■ **Dataset records**:
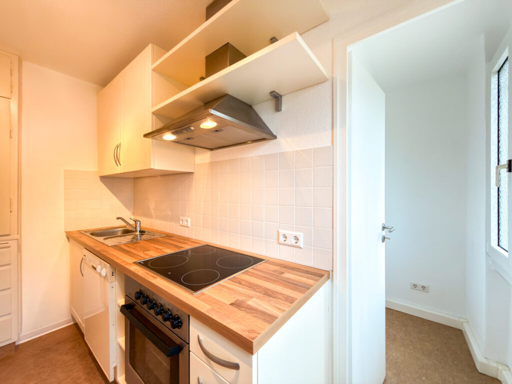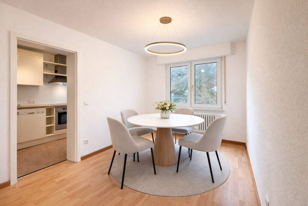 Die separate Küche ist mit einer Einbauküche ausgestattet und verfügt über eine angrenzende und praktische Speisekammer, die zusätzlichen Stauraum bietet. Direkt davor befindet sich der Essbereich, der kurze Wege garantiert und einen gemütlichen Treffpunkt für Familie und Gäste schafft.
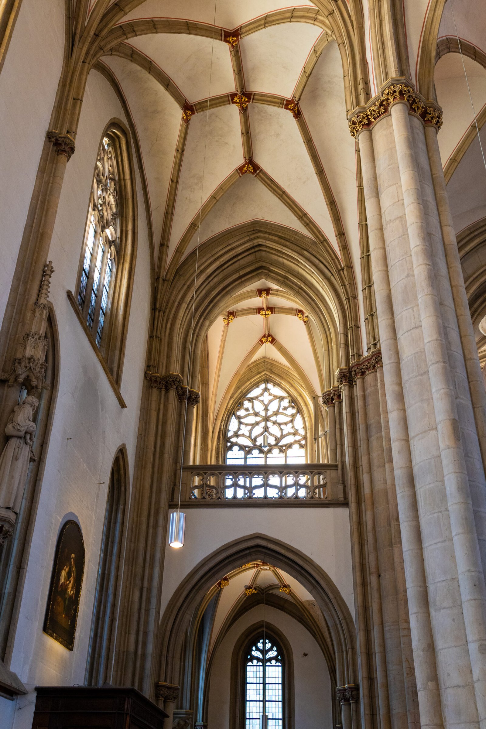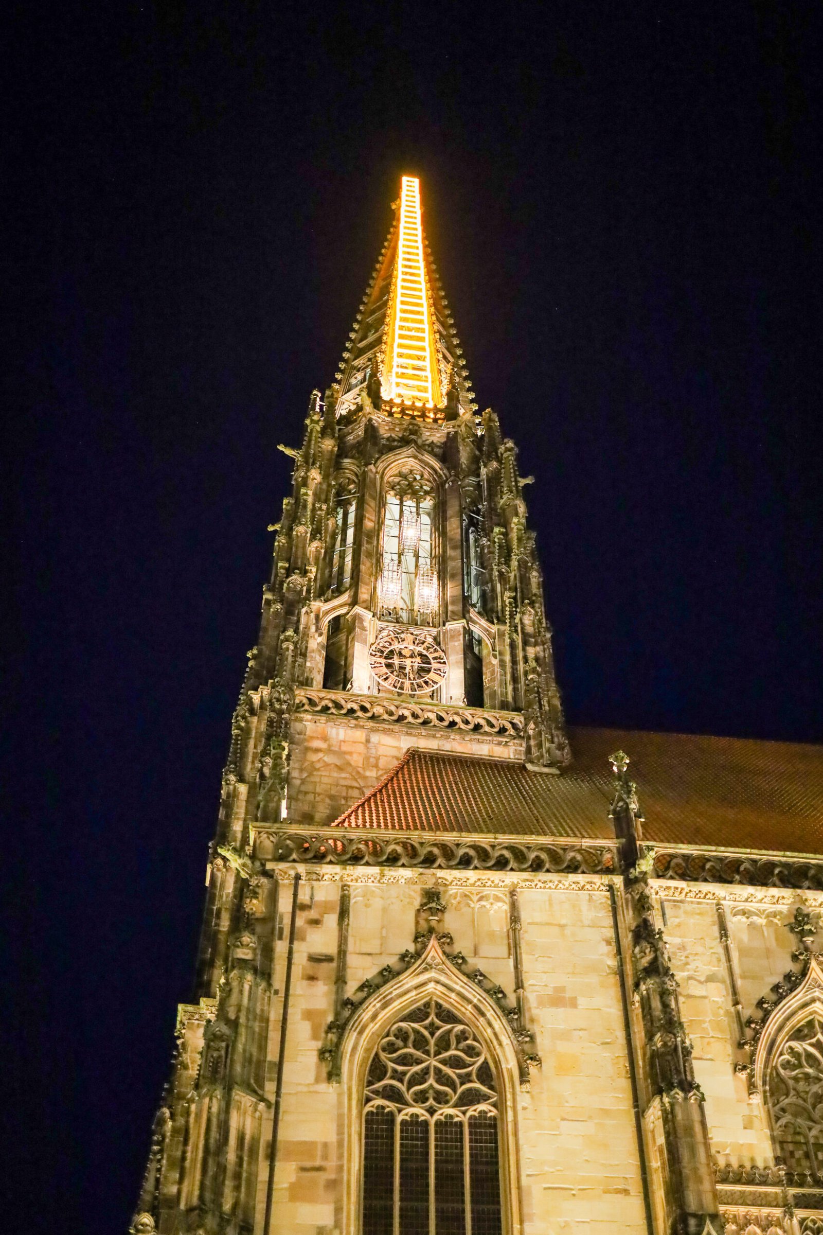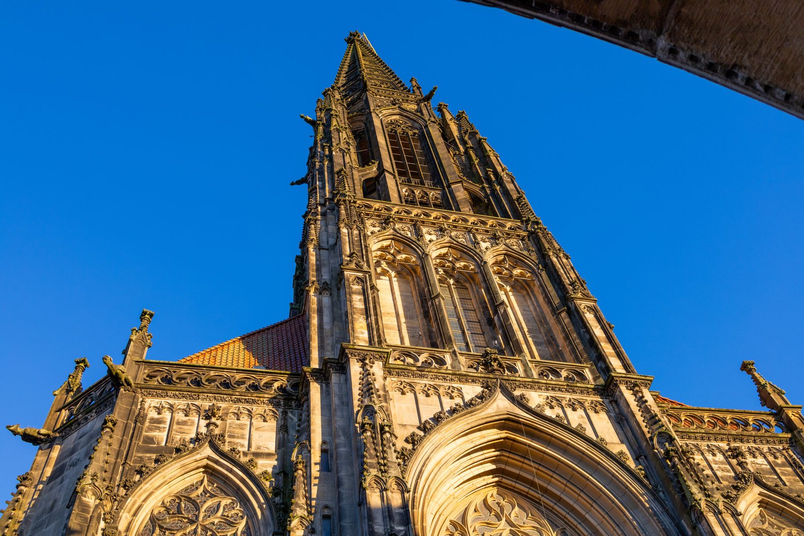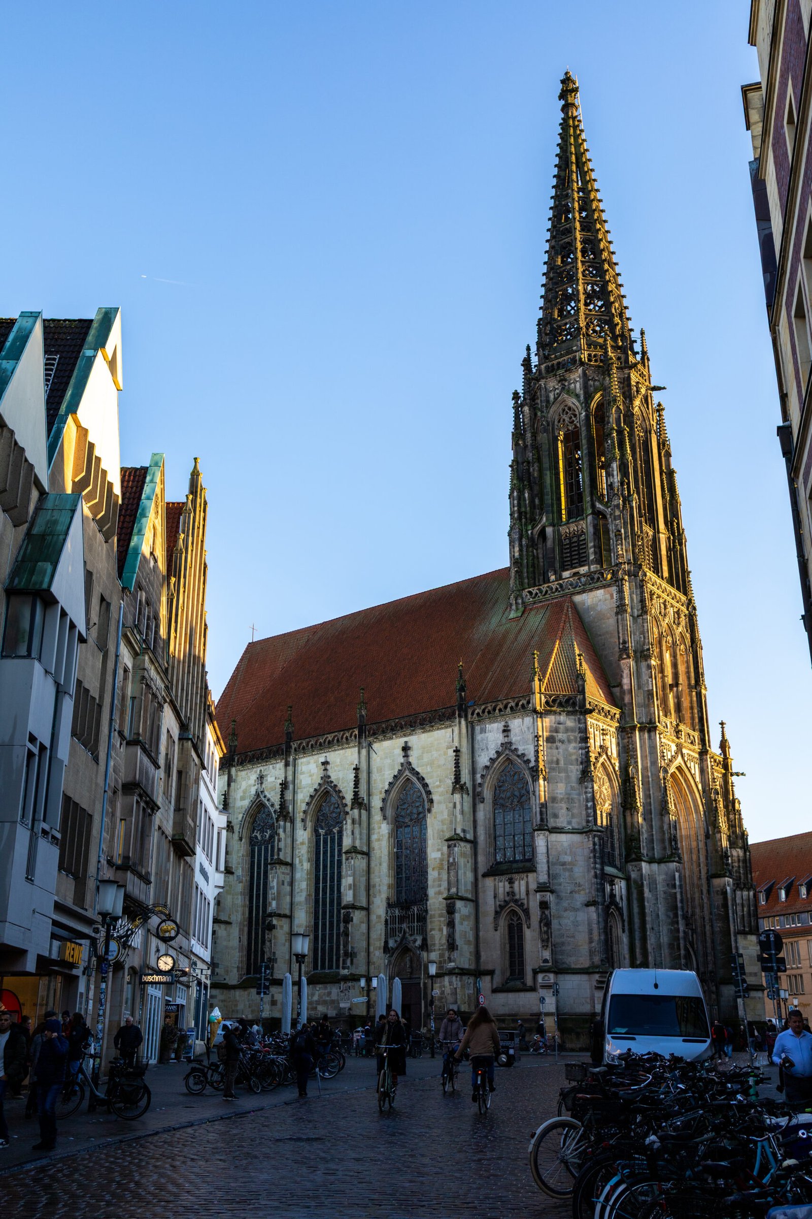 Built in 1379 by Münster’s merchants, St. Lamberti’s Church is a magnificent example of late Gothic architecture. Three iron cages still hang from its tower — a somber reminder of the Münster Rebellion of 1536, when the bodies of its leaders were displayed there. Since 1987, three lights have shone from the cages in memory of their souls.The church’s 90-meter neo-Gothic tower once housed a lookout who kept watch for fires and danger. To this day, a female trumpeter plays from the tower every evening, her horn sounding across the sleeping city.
==
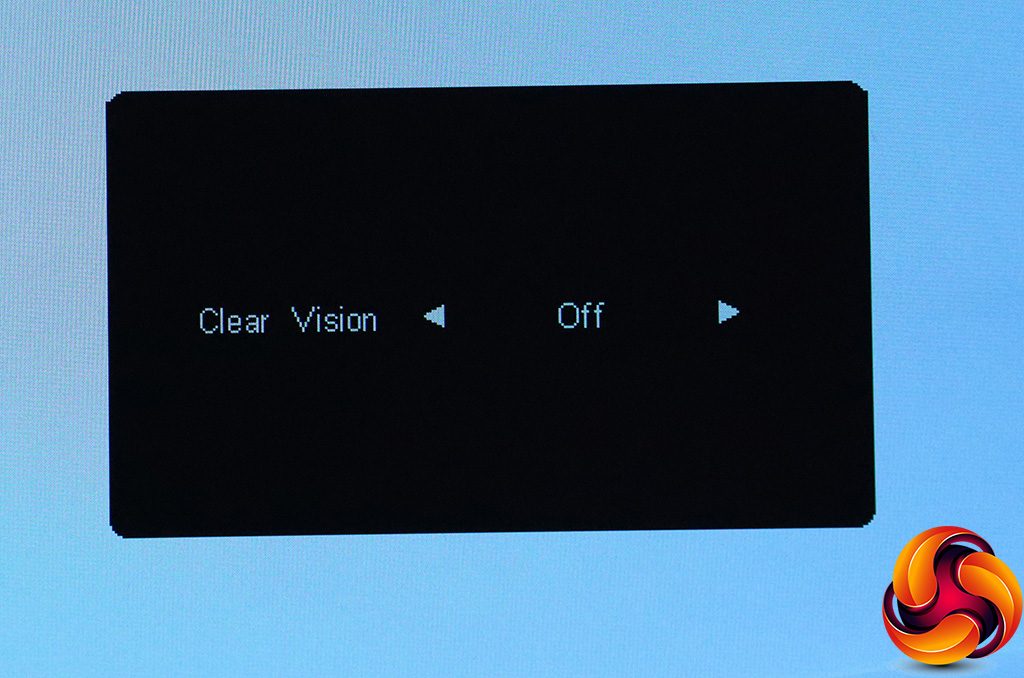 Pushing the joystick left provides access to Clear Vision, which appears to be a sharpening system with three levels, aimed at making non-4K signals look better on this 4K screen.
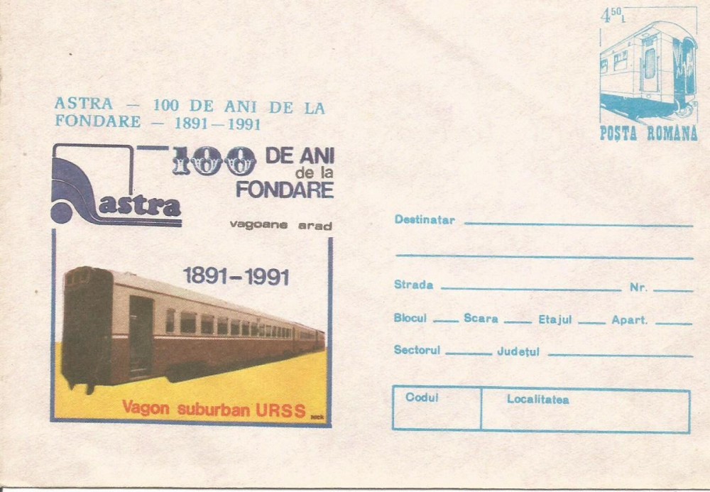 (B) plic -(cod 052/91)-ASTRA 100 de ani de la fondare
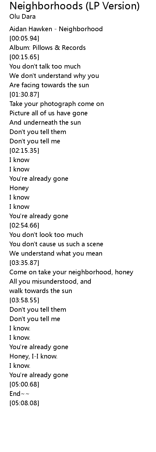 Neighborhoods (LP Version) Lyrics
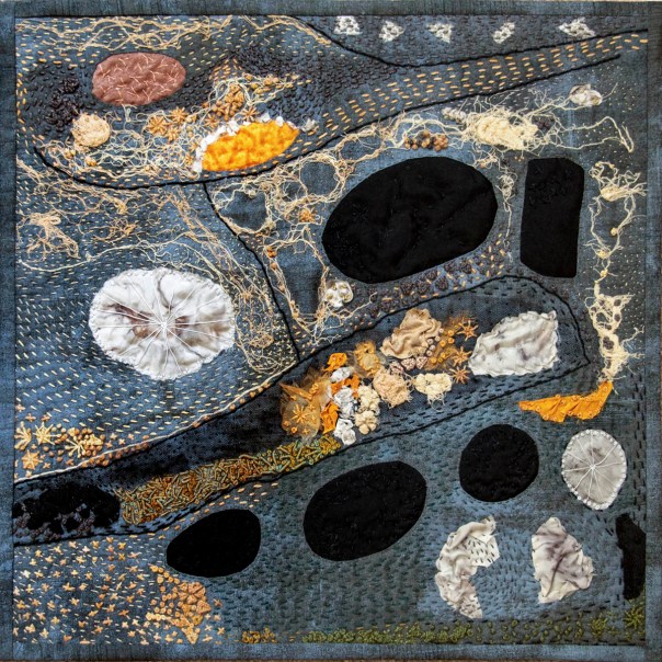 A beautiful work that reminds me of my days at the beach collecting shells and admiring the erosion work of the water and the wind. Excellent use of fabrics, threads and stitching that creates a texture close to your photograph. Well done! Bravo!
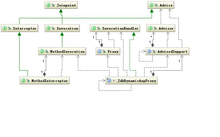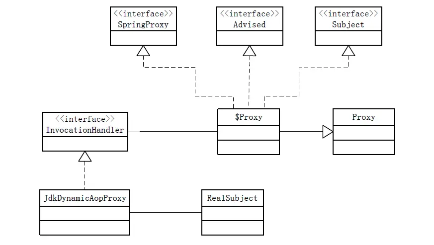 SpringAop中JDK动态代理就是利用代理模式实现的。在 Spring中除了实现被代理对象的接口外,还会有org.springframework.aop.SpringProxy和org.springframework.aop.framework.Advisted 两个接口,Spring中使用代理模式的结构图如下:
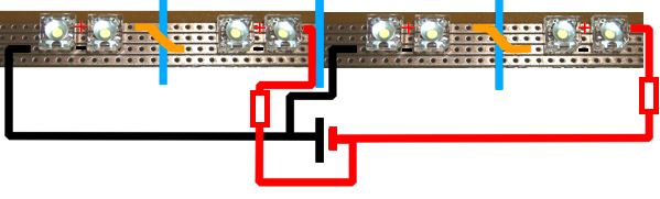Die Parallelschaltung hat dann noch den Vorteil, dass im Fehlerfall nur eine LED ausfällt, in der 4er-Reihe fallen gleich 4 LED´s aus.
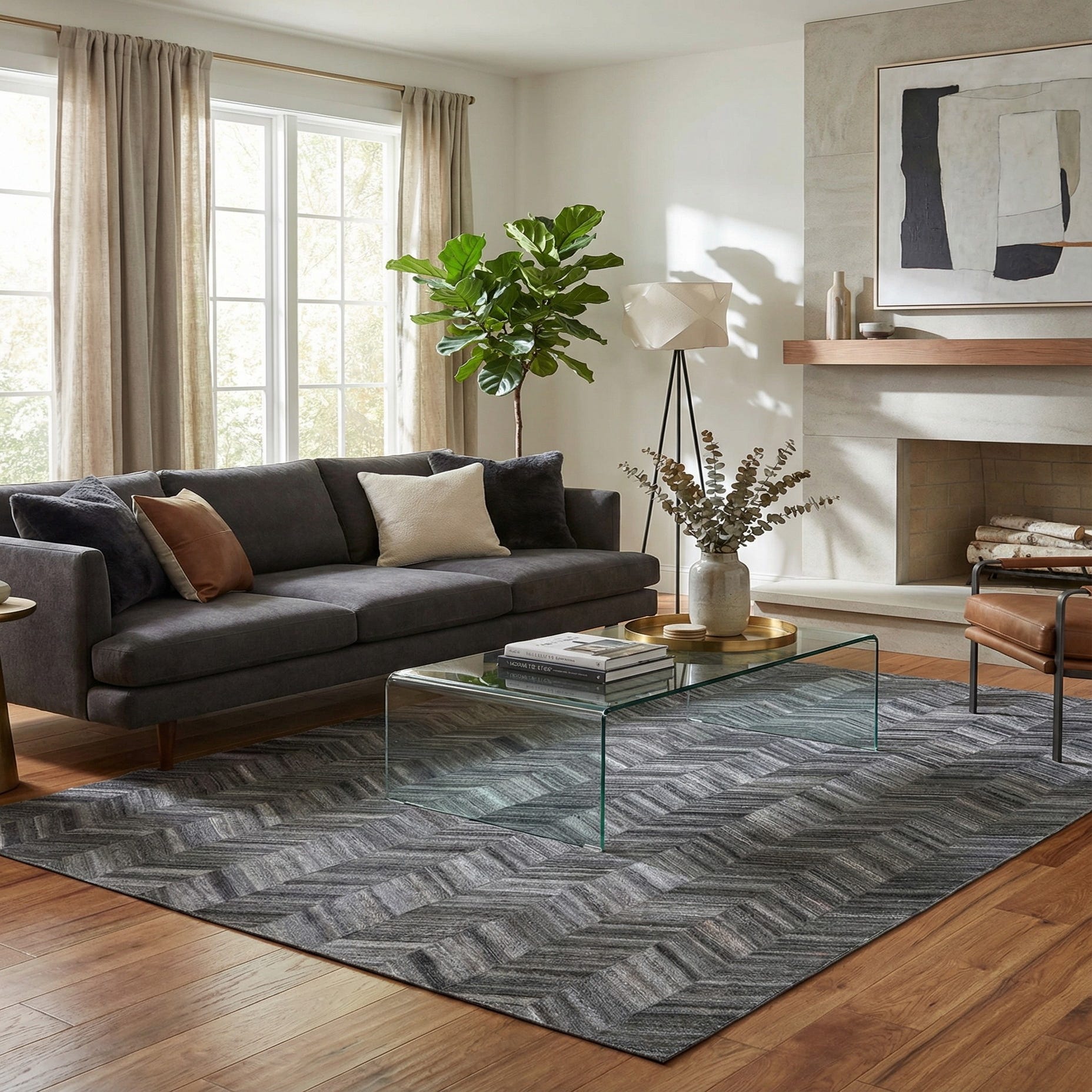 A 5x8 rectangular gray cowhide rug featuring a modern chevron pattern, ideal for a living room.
==
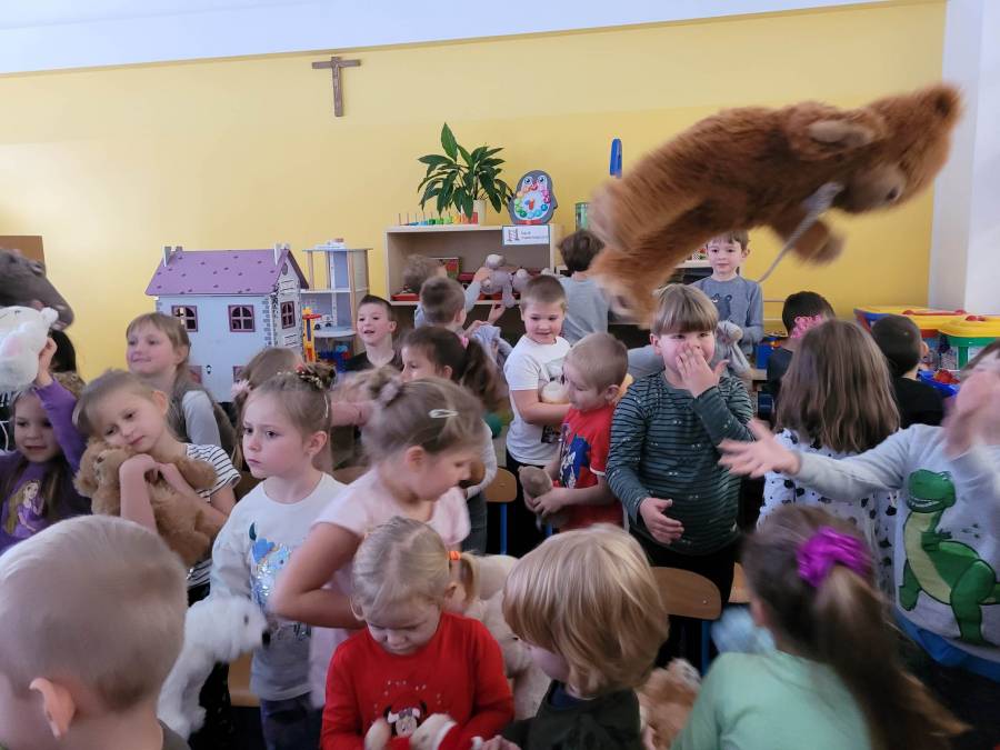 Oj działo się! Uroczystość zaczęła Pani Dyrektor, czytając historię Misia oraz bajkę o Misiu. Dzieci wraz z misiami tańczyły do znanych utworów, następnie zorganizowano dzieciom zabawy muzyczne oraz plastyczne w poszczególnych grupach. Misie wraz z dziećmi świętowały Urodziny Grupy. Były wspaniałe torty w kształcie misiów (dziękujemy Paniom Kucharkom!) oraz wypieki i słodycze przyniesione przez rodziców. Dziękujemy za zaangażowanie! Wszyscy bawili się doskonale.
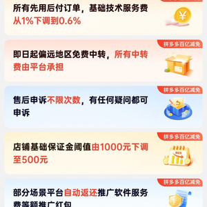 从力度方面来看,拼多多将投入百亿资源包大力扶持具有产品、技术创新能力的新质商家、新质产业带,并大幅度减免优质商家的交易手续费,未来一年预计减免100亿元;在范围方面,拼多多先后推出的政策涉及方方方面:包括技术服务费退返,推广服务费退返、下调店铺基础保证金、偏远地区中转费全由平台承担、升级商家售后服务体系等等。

■ **What you should do**: Above are records; write out the lines from the one with "Die separate Küche" down to the one with "Built in 1379", exactly, leaving the pictures out.

■ **Answer for this exercise**:
 Die separate Küche ist mit einer Einbauküche ausgestattet und verfügt über eine angrenzende und praktische Speisekammer, die zusätzlichen Stauraum bietet. Direkt davor befindet sich der Essbereich, der kurze Wege garantiert und einen gemütlichen Treffpunkt für Familie und Gäste schafft.
 Built in 1379 by Münster’s merchants, St. Lamberti’s Church is a magnificent example of late Gothic architecture. Three iron cages still hang from its tower — a somber reminder of the Münster Rebellion of 1536, when the bodies of its leaders were displayed there. Since 1987, three lights have shone from the cages in memory of their souls.The church’s 90-meter neo-Gothic tower once housed a lookout who kept watch for fires and danger. To this day, a female trumpeter plays from the tower every evening, her horn sounding across the sleeping city.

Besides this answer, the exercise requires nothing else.